Too Good Eggplant Parm

This dinner (plus the beaut photo I got from it) was too good to not have a post about it. Plus it’s pretty quick and easy, so LOVE that.

Ingredients:

Eggplant

Zucchini

Tomatoes

Lentil pasta (I used Banza penne)

Eggs (2 is probably good if using a whole eggplant)
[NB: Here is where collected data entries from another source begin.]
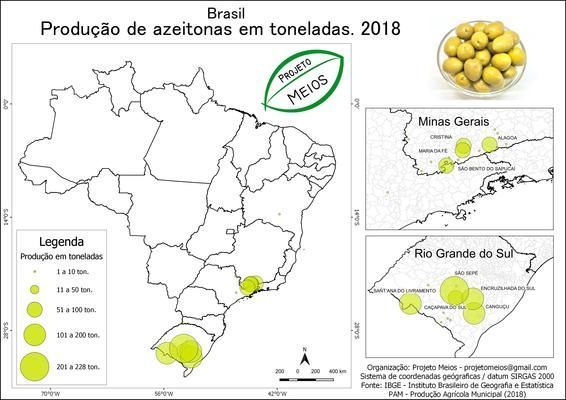 Mapeamento conduzido pelo Projeto Meios1 com dados por municípios, revela o mapa da produção de azeitonas no Brasil em 2018. A cultura da oliveira está presente nas regiões da Serra da Mantiqueira, entre de Minas Gerais, São Paulo e Rio de Janeiro, é uma destacada presença na Região Sul do país.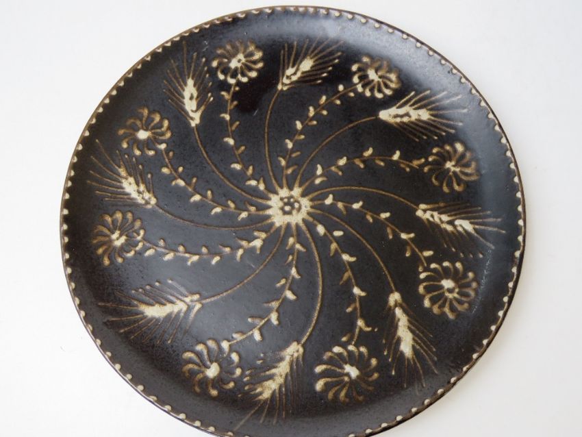 A c1970s Denby style stoneware charger in harvest type pattern, approx 33cm dia.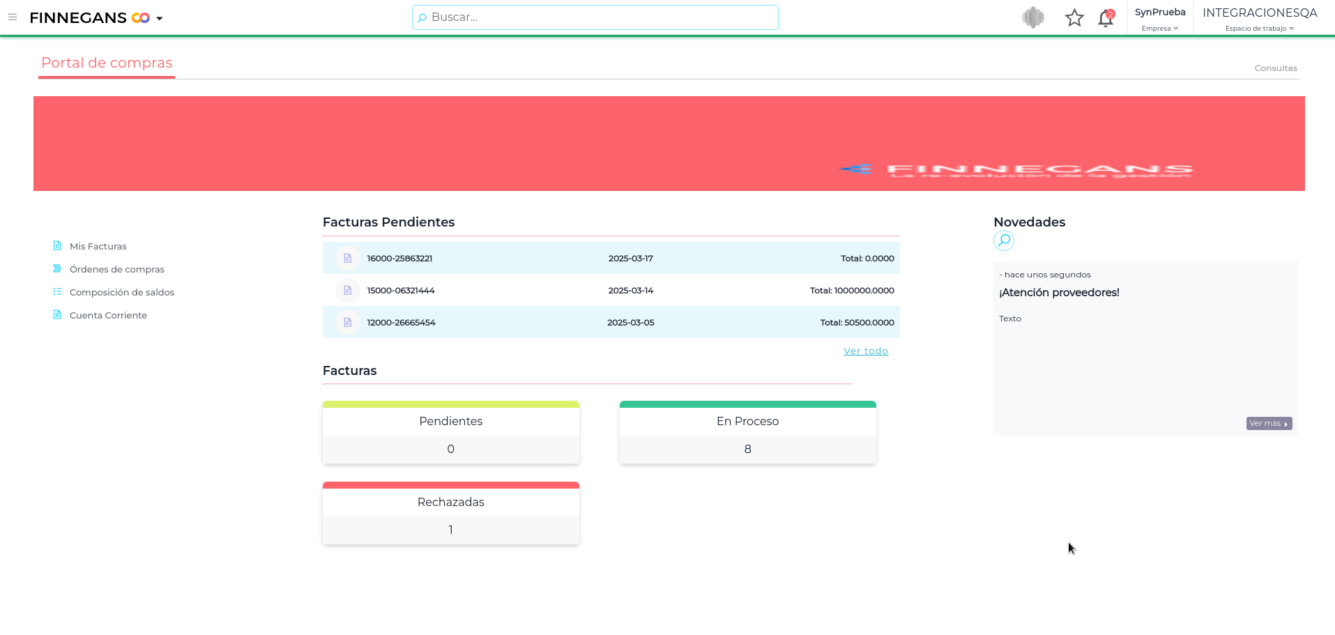 Al tratarse de una aplicación dentro de Finnegans GO, está totalmente integrada con el ERP Finnegans, lo que garantiza una sincronización constante y una actualización en tiempo real de todos los datos. Esto asegura que los proveedores siempre trabajen con la información más precisa y actualizada disponible, optimizando tanto la relación comercial como la gestión interna de la empresa.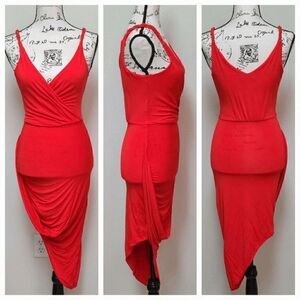 🧡 BEBE Twist Skirt Asymmetrical Hem Grecian Goddess Orange Dress Size XXS/TTP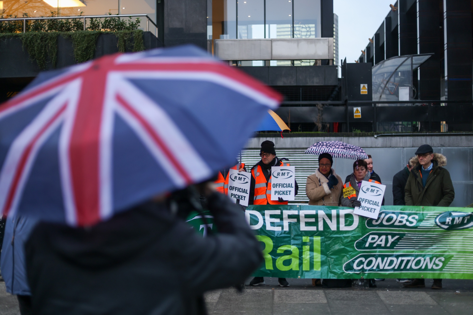 英国铁路、海事和运输工会(RMT)成员在伦敦尤斯顿火车站外举行罢工行动,日期为1月3日。

Trader Joe’s Crispbread Crackers x2

Seasonings (I use TJs 21 salute)

Nutritional Yeast (adds a cheesey flavor)

Rao’s red sauce

TJ’s pesto

Dairy-free mozzarella


You can really mix up the veggies and seasonings however you like! Maybe you want to add spinach or have no tomatoes, you do you! I just eyeballed adding in the seasonings and nutritional yeast when I made the breading.


Instructions:

1. Heat air fryer and boil water for pasta

2. Cut veggies

3. Have two bowls: one for egg, one for breading

4. Blend the crispbread, seasonings, and nutritional yeast (I don’t measure, so what feels right)

5. Dip eggplant in egg then breading and put in air fryer for about 8 minutes or until done

6. Add zucchini and tomatoes to drained pasta noodles and sauté with some TJs pesto

7. Throw it all into a bowl and add sauce and cheese and ENJOY!


I only got a pic of the finished product because I didn’t know it’d be so good. but the process was easy and doesn’t need pics.